Values (quantities) without measures (qualities) are meaningless. Measures without dimensions are ambiguous (at best) or utterly confusing (at worst). However, the variables used in software designs usually convey only value and measure. The variables themselves carry only values. Thus, the variable names bear the responsiblity for communicating intent, i.e., the intended role, purpose, or use of the value held by each variable. Unfortunately, the measure dimensionality associated with a value is often lost or relegated to the documentation associated with the variable definition. Sometimes, the measure dimensionality associated with a value will be included in the variable name, especially when the measure dimensionality is simple.
However, variable names that represent measures with complex dimensionality seldom include the dimensionality because they would cause the name length to be excessive.

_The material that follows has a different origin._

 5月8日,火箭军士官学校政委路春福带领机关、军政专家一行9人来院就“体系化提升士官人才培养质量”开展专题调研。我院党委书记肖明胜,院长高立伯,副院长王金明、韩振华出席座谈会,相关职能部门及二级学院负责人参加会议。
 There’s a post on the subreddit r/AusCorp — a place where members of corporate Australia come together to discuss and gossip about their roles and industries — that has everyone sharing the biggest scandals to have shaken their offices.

For example, we might find the following line of code in a Java program.
double signalStrength; // measured in decibels per milliwatt (dB/mW)

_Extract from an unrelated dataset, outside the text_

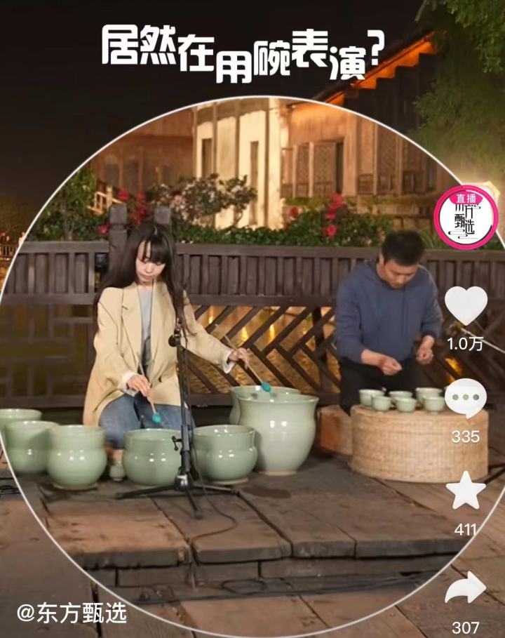 一位小伙对着面前大小高低各不同的青瓷饭碗,一顿疯狂击打,居然奏出了婉约清新的曲调《茉莉花》。

The need to include dimensionality in measurement representations has led to the development of libraries that combine values and dimensions (usually as object-oriented classes). These libraries also provide mechanisms for combining measures of different dimensions and converting between measures of similar dimensions, e.g., combining length and time to produce velocity, and converting between distances measured in feet versus meters. The Units Specification (JSR 108)11 for the Java platform is an example of one such effort to develop a comprehensive measurements library. TODO: I'd really like to include references to additional quantity library efforts, e.g., for C++, C, etc.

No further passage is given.